While XL is larger overall, with 2013 gross premiums of $7.4 billion versus Catlin's $5.3 billion, the companies' reinsurance units are similarly sized at $1.9 billion each and combined would be among the world's 10 largest reinsurers, XL said.

“It clearly will be a business with a lot more scale,” Ben Cohen, an analyst with Canaccord Genuity Ltd. in London said of the reinsurance operations. “The size difference between the two is not so large that Catlin will be swamped in the combined organization.”

With Catlin's largest geographical business segment in London—accounting for $2.5 billion, or nearly half, of its 2013 premium volume—the insurer has also expanded in the United States, Europe and Asia in recent years.

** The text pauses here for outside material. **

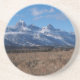 Teton mountains in Wyoming with snow and low clouds behind a homestead farm in Grand Teton National Park.
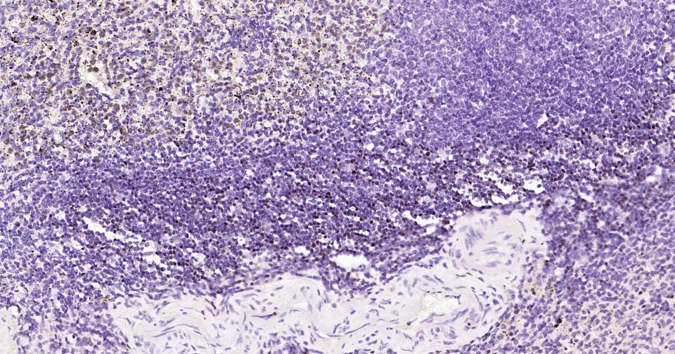 Paraformaldehyde-fixed, paraffin embedded Mouse Spleen; Antigen retrieval by boiling in sodium citrate buffer (pH6.0) for 15 min; Antibody incubation with LEF1 Monoclonal Antibody, Unconjugated(bsm-61170R) at 1:200 overnight at 4°C, followed by conjugation to the SP Kit (Rabbit, SP-0023)and DAB (C-0010) staining.

Its U.S. business, though, at $1.2 billion in 2013 gross premiums, is less than half XL's U.S. volume, according to the companies' financial reports.

Mr. McGavick cited “the deep cultural and strategic alignment we see between XL and Catlin, with both built on disciplined underwriting.”

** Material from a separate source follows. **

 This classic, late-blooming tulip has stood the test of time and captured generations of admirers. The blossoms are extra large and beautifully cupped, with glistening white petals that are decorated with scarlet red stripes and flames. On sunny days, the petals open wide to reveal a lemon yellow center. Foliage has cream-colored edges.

Some market observers, though, express caution about the proposed deal. “We're not convinced that specialty insurance market leadership translates into improved underwriting results, other than modest expense synergies that take time to emerge,” analysts with Baltimore-based Keefe, Bruyette & Woods said in a research note downgrading XL's stock.

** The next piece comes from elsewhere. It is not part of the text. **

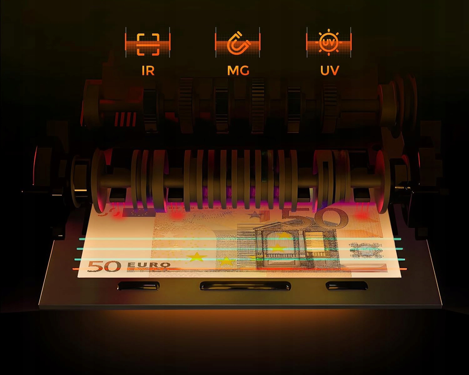 Виявлення підроблених банкнот УФ/ІЧ/мг - пристрій сканує три банкноти за кілька секунд. Крім того, він має функцію виявлення пошкоджених банкнот. Якщо виявлено підозрюваний банкнот, лічильник автоматично зупиняє процес підрахунку та відображає детальне повідомлення про помилку.

And while “size and line-of-business diversification increasingly matter in reinsurance, (they are) much less important than underwriting discipline in primary insurance,” KBW analysts said.

“The obvious challenge will be in keeping—let alone enhancing—the value that has built up in Catlin's franchise,” Mr. Shipperlee said. “(XL's) much bigger balance sheet helps, but it is often the soft factors that differentiate in Catlin's markets and that can be much more difficult to maintain post an acquisition.” Such “soft factors,” he said, include underwriting culture, willingness to innovate, claims handling and speed of decision-making.

Whether or not the XL/Catlin deal proceeds, market observers expect growing numbers of merger and acquisition activity in the coming months.

With stronger balance sheets and more available funding, insurers and reinsurers will be increasingly interested in acquisitions, including international companies looking to acquire Lloyd's operations and Bermuda companies looking to diversify away from property catastrophe business, Mr. Cohen predicted.

Property catastrophe reinsurance rates have fallen significantly over the past year, as reinsurers have experienced minimal significant losses and competition from nontraditional capacity providers through cat bonds and other vehicles has intensified.

Thomas M. Dawson, a partner with Drinker, Biddle & Reath L.L.P. in New York, agreed that diversification will be a prime driver of future deals. He cited the recently announced $1.9 billion acquisition of Platinum Underwriters Holdings Ltd. by RenaissanceRe Holdings Ltd., aimed at expanding RenRe's casualty and specialty business.

Cathy Seifert, an equity analyst with Standard & Poor's Corp. in New York, said acquirers are more likely to target specific segments of another insurer's or reinsurer's business rather than the entire company. She mentioned Ace Ltd.'s pending $365 million purchase of high-net-worth personal lines business of Fireman's Fund Insurance Co.

“It's probably going to be Company A buying a division of Company B, not so much A buying all of B,” Ms. Seifert said.